Immediately after amniocentesis, we also obtained maternal blood samples from two women with Down's syndrome fetuses, one woman with Edwards' syndrome fetus and another with Klinefelter syndrome fetus. Amniocentesis was performed because multiple ultrasound anomalies were observed (such as nuchal thickening and/or other abnormalities) and later confirmed by fetal karyotyping.

Peripheral blood samples from four non-pregnant adult females and three adult males were used as controls as well as three samples of male cord blood. None of the pregnant women and female controls had a history of blood transfusion, miscarriage or abortion before blood sampling.

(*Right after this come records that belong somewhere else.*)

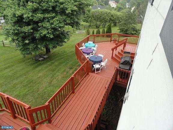 Welcome to the community of Estates of Doylestown located in desirable Central Bucks School District. This traditional colonial has been well maintained and updated through-out. Upon entrance you are greeted with stately custom double doors, hardwood floors, two story foyer and staircase. The expansive kitchen showcases new tile floor, granite, center island, newer appliances and a spacious in eat breakfast room. The dining room is formal with hardwood floors and large bay window. The formal living room has neutral coloring carpets and double doors leading into the family room. The family room offers a brick fireplace, neutral carpeting, wet bar and glass doors leading out onto the deck. The main suite is large in scale with sitting area, professional office, walk-in closet and laundry room for your convenience. Three additional bedrooms all generous in size share a full hall bath. The unfinished walkout basement has 10' ceilings, workshop and glass sliding doors that awaits your finishing. The exterior of the home has been well maintained with professional landscaping, EP Henry pavers and wall, two tier deck that expands the entire length of the home with great views. A three car garage with center drain, pull down stairs, 2 x 6 construction, central vac system, solid wood doors and trim, public water and sewer. Centrally located to shopping and friendly commuting to turnpike and main arteries for traveling.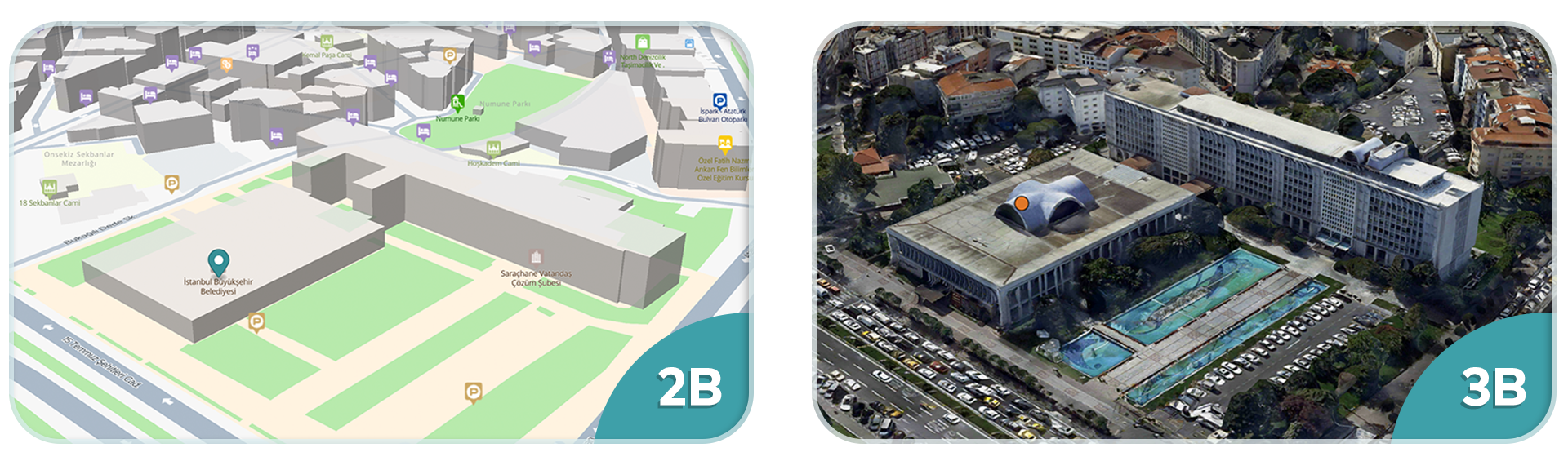 Dijitalleşen kamu hizmetlerinin öncü ve özgün bir örneği olan Harita İstanbul uygulamasının 3B özelliği ile İstanbul’un 3 boyutlu modelinde dilediğince gezebilir, kadim şehir İstanbul’un tarihi ve kültürel mirası ile unutulmaz bir deneyim yaşayabilirsiniz. Mobil cihazlardan, cihazınızı döndürerek 3 boyutlu modelde şehre farklı açılardan bakabilirsiniz.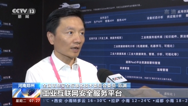 全国信息安全标准化技术委员会委员 范渊:保障工业互联网安全需要一站式工业互联网安全服务平台,把对工业企业安全咨询、评估、防护和应急响应能够一站式贯穿,并且真正建设能够服务于整个工业安全体系的全生命周期的云安全资源池。
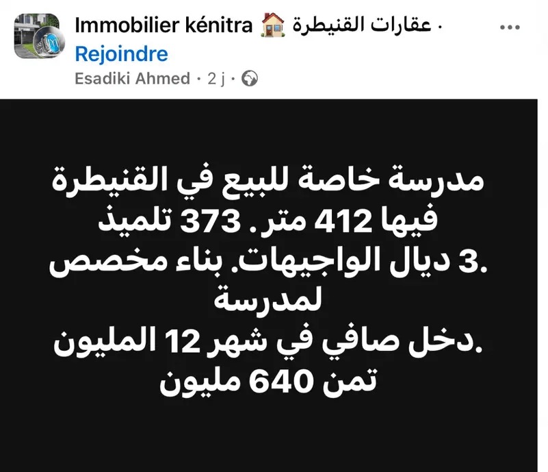 وتضمن نص الإعلان الآتي: "أن هناك مدرسة خاصة للبيع في القنيطرة تبلغ مساحتها 412 مترا. و373 تلميذا وتتوفر على 3 واجهات".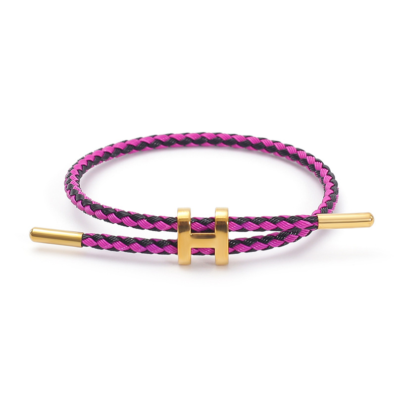 现货新款不锈钢钢丝绳手链 可调节3D硬金配绳手链 钛钢防水手镯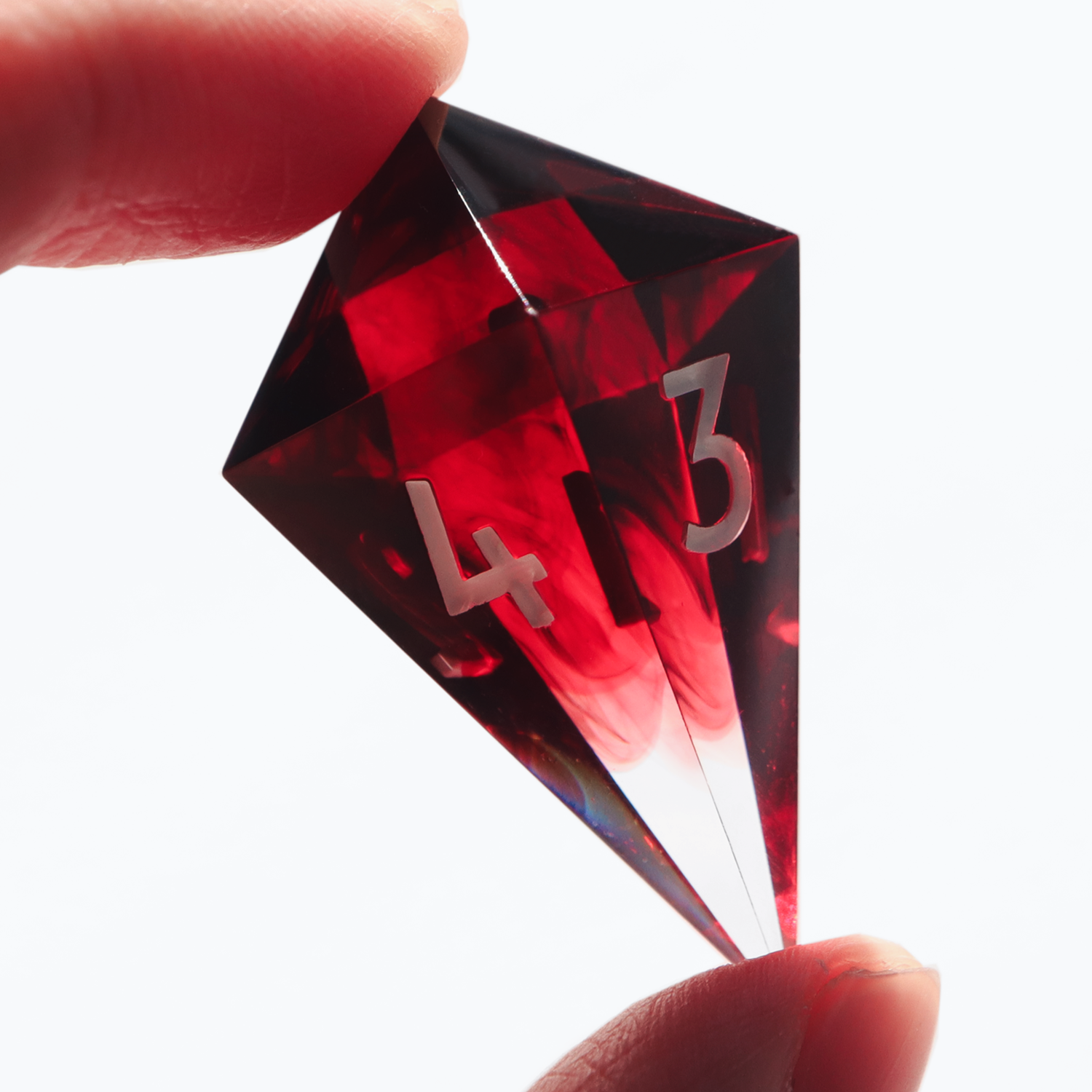 An ominous, bloody gradient of red encapsulated in clear dice. This listing is for ONE Single Crystal D4.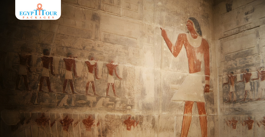 The tomb is located east of and adjacent to the Mari Roca cemetery, and its door opens to the east. The mastaba consists of seven rooms, most of which are rectangular in shape, all of which are engraved in relief. Some of their views are excellent. Lepsius uncovered the Kagmeni tomb in 1843, but he was unable to publish it.The tomb was covered with sand for a period of fifty years, and the Antiquities Service re-cleaned the tomb in 1893. De Morgan participated in the cleaning process, and Loret also participated in cleaning and preparing the tomb and others for public visitation.Von Bissing came from the Saqqara region and attempted to publish parts of the tomb from Room 4 to Room 8 in two parts in the German language between the years 1905-1911. Then the Saqqara Koppel region came and carried out cleaning and excavation work around the Kagmeni cemetery in the years 1905-1907. Excavations and cleaning of graves stopped from 1914-1920 due to World War I.In the fall of 1920, financial funds became available to archaeologists, and archaeological work resumed activity and he came to the Saqqara Firth area. He carried out some excavations in the Cemetery of Teti for a few years, re-excavated this cemetery and published parts of this cemetery in five pages and 6 pictures in a two-part book.Then Harpur recently studied the details of the cemetery’s landscape in a very valuable and useful study which added much, much more, and was distinguished by distinctive cultural comments.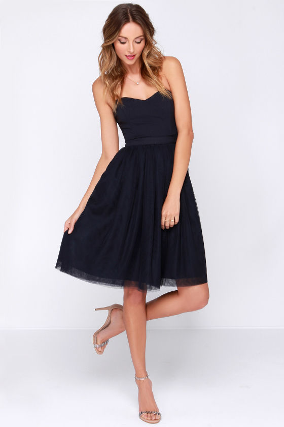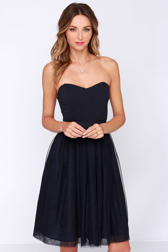 LULUS Exclusive Ballet Liaisons Strapless Navy Blue Dress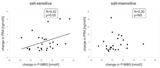 Correlation between changes in plasma MBG (p-MBG) from baseline to the end of salt restriction and changes in plasma renin activity (PRA) from baseline to the end of salt restriction in salt-sensitive and salt-insensitive groups, respectively.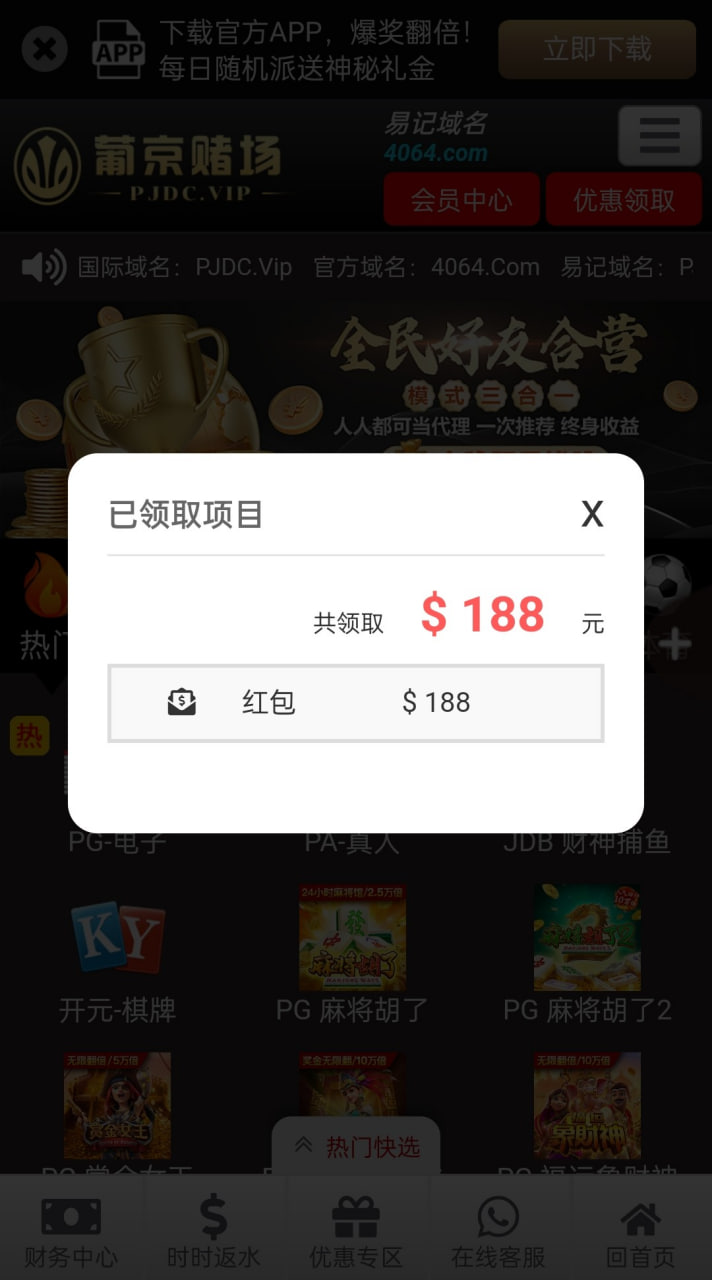 今天无聊上了好久没登录的之前干到V9的号发现有彩金可以领取,亲测电子没水后捕鱼过完流水就跑了,提现秒到亲测, 有号的可以试试,

In order to test the persistance of fetal CD 34⁺ stem cells in maternal blood after birth, 20 ml of peripheral blood were obtained from 13 women who were not pregnant but had given birth to one or two male offspring from 1 year to 21 years before blood sampling. As controls, we recruited 12 young women who had never been pregnant or received blood tranfusions and eight pregnant women carrying male (as visualized by ultrasound) fetuses at 11-16 weeks of gestation. Karyotyping confirmed fetal sex.

The study was approved by the Umbria Ethics Committee, and informed consent was obtained from all pregnant and nonpregnant women enrolled in this study.

Enrichment of Stem Cells (CD34⁺ Stem Cells)
In order to obtain an enriched CD34⁺ stem cell population from the peripheral blood sample, peripheral blood mononuclear cells (PBMCs) were isolated by Histopaque density separation (1.077 g/ml density gradient, Sigma Diagnostic; St. Louis, MO; http://www.sigma-aldrich.com). Isolated and washed PBMCs were split into two equal parts: one was cultured in a semisolid methylcellulose medium and the other underwent CD34⁺ stem cell enrichment as reported previously [31].

Briefly, CD34⁺ stem cells were enriched using MiniMACS magnetically activated cell sorting (Miltenyi Biotech; Bergisch Gladbach, Germany; http://www.miltenyibiotec.com). CD34⁺cells were sorted by positive selection of CD34-expressing cells (clone: QBEND/10, isotype, mouse IgG1) as previously described [31].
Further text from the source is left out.